My life in lengths: Surviving polio, living with leukaemia and presenting QVC

Julia Roberts
swimming getty 300x225 My life in lengths: Surviving polio, living with leukaemia and presenting QVC

(Getty Images)

I’ve been a presenter at QVC for almost 20 years and yet still I get asked at every viewer event I attend: ‘What did you do before you joined QVC?’ When I tell people, their response is usually: ‘I didn’t know that about you, you should write a book.’ That’s how the original seed for my book was planted but the idea for the format came about whilst I was swimming in the pool of the house I used to own in Spain.

I had worked out a routine to keep myself fit that involved swimming a hundred lengths, and before you get too impressed I should probably point out that it was only a 12 metre pool. Nevertheless it used to take me just under 40 minutes to complete and it could get quite boring, so for each length that I swam I used to think of things in my life associated with that number. It certainly made the time pass more quickly and it probably helped me keep count too. Then, in July 2011, as I ploughed up and down the pool doing my backstroke and breaststroke, I had a light bulb moment. I could turn One Hundred Lengths of the Pool into the book I had always wanted to write.
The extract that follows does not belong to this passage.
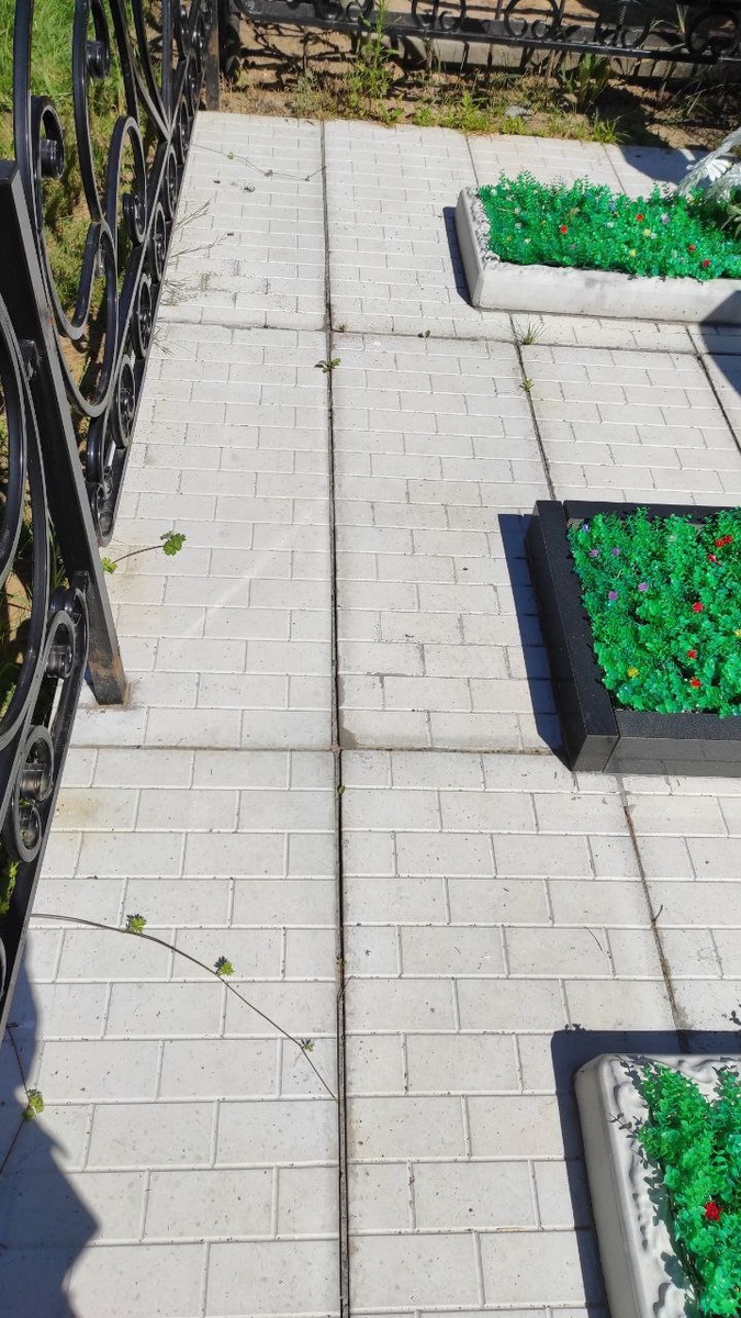 Ещё в 2010 г мы выкопали корни сорняков, застелили пленку в ограде и чуть шире и сверху искусственный газон, зелёную травку, прижали металлическими скобками, чтобы держалось. У мамы новое кладбище, там деревьев нет, солнце, и сорняков меньше. У бабули старое кладбище, там рядом есть деревья и больше листвы, веток. Они падают, перегнивают и растут сорняки. Вообщем покрытие у нас пришло в негодность и я решила заказала благоустройство могил. Укладку плитки, новую ограду бабушке с папой. Видела как сделано рядом и обратилась к этой же бригаде. Жду теперь результат работы по фото. Думаю всё будет хорошо. Ухоженно точно. Потому что приехать каждый год не всегда получается. На фото образец, как будет у моих родственников👍

When I got home from my holiday I began to compile a list of chapters based on the thoughts I’d had in the pool. Unlike most autobiographies, Chapter 1 doesn’t tell the story of my birth, it is my number in numerology, and Chapter 2 is about coming second in a story writing competition at the age of 10, which leads on to other writing I have done.

Every length tells a story, from my varied career in the entertainment industry, starting as a cover girl on a cookery book in 1966 to my passion for Crystal Palace football club. I do write about my early childhood, in particular contracting the killer disease polio when I was 14 months old, which, as you might have guessed, is Chapter 14.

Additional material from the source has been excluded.